Шагая по туннелю, Зорин почти не смотрел, куда ставит ноги, поглощенный одной только лихорадочной жаждой заполнить человеческим участием холод, который пронизывал его насквозь.
«Иришка, милая, родная… Как ты нужна мне сейчас! Как хорошо, что ты есть. Спасибо Сомову, он выполнил обещание, и ты свободна. Ну, теперь-то нам уже никто не помешает…»
— Любимая… — шепот доносился от двери. — Лю-би-мая… — голос стал чуть настойчивее, но Ирина не обращала внимания и, полностью поглощенная своими мыслями, продолжала укладывать вещи в большой ящик.

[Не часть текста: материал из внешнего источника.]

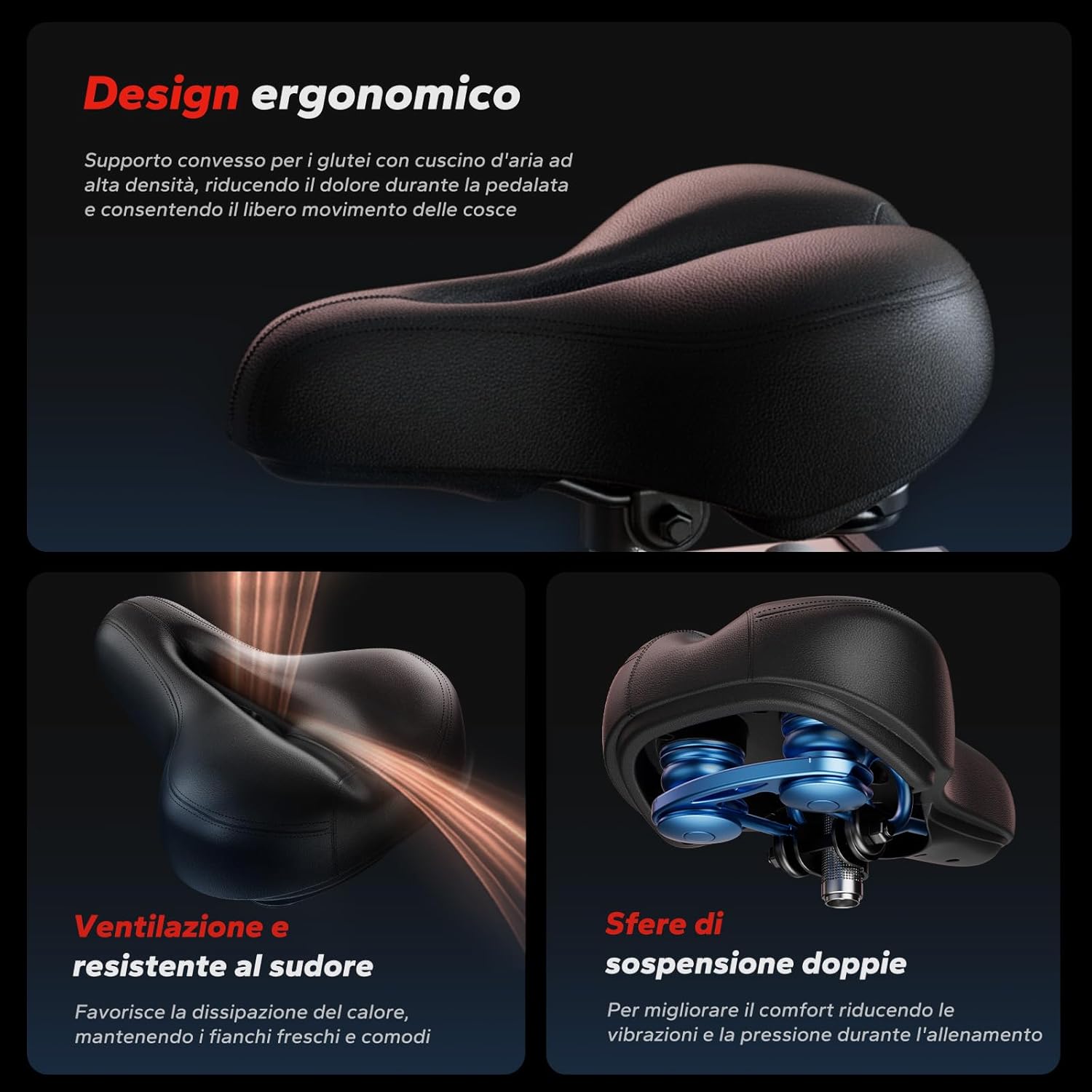 - [CYCLETTE ERGONOMICA E CONFORTEVOLE]: Dotata di schiuma ad alta densità e di un sistema di sospensione a doppia molla, questa cyclette riduce il disagio durante l’uso. I pedali in lega di alluminio offrono maggiore flessibilità, aderenza e sicurezza. Inoltre, il manubrio ergonomico avanzato assicura una presa confortevole per un allenamento efficace e senza distrazioni.

Сомов настаивал, чтобы она оставалась в своей комнате на спокойной Сталинской, но Ирина понимала, насколько важно теперь показать, как велика ее преданность, и хотела продемонстрировать полное пренебрежение опасностью. Конечно, появляться на Красносельской во время церемонии похорон было неуместно, но ожидать переезда можно было в любую минуту, и подготовиться следовало заранее.
«Интересно, как и где он там живет? Впрочем, сейчас нужно собрать все самое необходимое, а за мебелью можно будет прислать и потом… А как же туалетная комната? Как же бросить ее здесь? Жалко… но всего с собой не увезешь… Может быть, со временем они переедут с этой бестолковой, неустроенной Красносельской сюда? Вот было бы хорошо!»
Она только что с наслаждением приняла ванну. Ей было жаль покидать такие комфортные комнаты, где все было знакомо с рождения, но жизнь диктовала свои условия. Теперь не было папы, который каменной стеной ограждал ее от всех тягот существования, и она должна была позаботиться о себе сама.